An exact transcription is needed of the lines below from the one with "モッツァレラチーズ & クランベリー" through the one with "En gård inde på Vatikanmuseet", with no other lines and no pictures.

START RECORDS FOR THIS EXERCISE

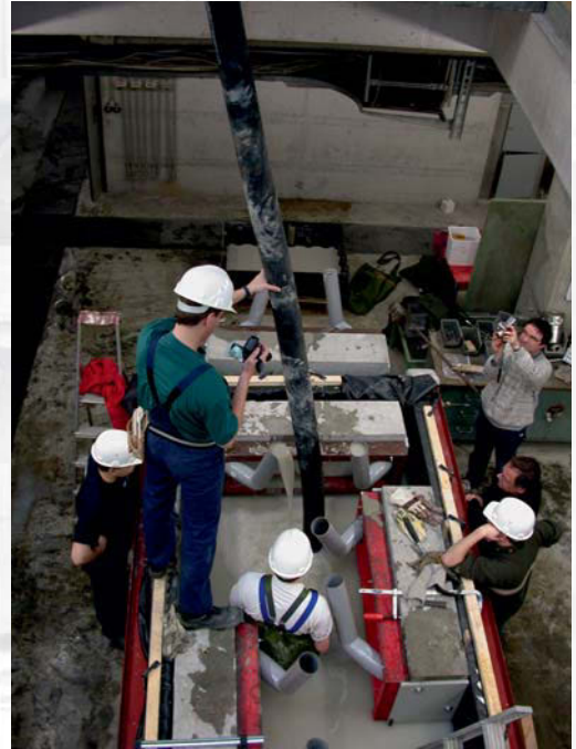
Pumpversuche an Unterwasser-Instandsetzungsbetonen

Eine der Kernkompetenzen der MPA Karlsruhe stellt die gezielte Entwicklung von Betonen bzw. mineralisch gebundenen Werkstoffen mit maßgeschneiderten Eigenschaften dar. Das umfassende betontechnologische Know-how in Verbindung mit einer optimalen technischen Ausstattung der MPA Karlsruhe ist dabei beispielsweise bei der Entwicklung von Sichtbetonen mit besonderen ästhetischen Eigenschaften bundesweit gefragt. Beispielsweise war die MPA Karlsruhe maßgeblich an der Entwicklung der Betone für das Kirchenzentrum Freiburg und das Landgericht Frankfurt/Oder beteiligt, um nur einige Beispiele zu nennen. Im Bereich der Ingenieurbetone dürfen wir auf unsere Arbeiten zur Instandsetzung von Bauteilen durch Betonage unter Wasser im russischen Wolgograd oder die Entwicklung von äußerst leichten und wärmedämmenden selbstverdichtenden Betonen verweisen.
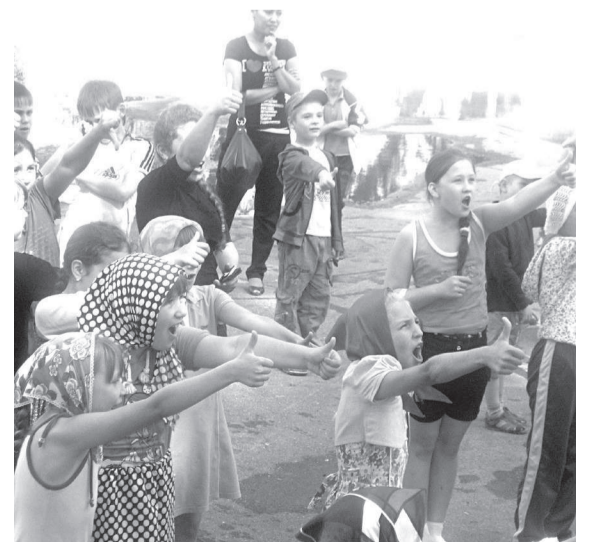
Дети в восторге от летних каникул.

END RECORDS FOR THIS EXERCISE
START RECORDS FOR THIS EXERCISE

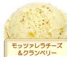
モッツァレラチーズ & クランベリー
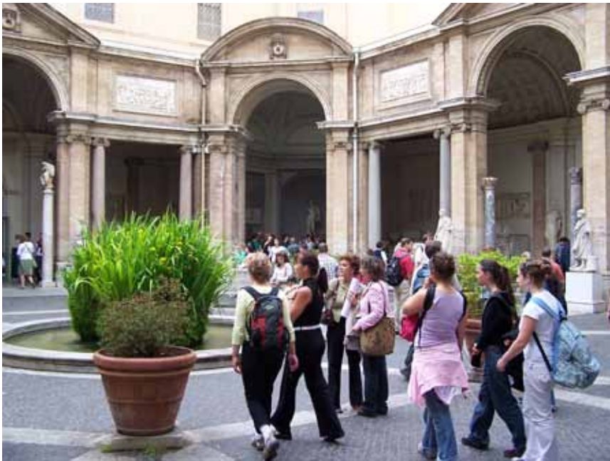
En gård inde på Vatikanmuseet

END RECORDS FOR THIS EXERCISE
START RECORDS FOR THIS EXERCISE

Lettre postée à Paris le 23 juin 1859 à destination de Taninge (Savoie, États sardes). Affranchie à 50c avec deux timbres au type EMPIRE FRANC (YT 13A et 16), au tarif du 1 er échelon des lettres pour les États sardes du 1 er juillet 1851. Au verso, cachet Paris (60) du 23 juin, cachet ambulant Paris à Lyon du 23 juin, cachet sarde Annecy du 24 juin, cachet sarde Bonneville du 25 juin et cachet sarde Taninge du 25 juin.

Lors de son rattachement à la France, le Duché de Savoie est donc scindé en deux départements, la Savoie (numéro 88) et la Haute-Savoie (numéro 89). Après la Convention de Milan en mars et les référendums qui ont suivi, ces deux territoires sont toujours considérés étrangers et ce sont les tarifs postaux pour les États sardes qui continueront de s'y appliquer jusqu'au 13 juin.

END RECORDS FOR THIS EXERCISE

WRITTEN SOLUTION
モッツァレラチーズ & クランベリー
En gård inde på Vatikanmuseet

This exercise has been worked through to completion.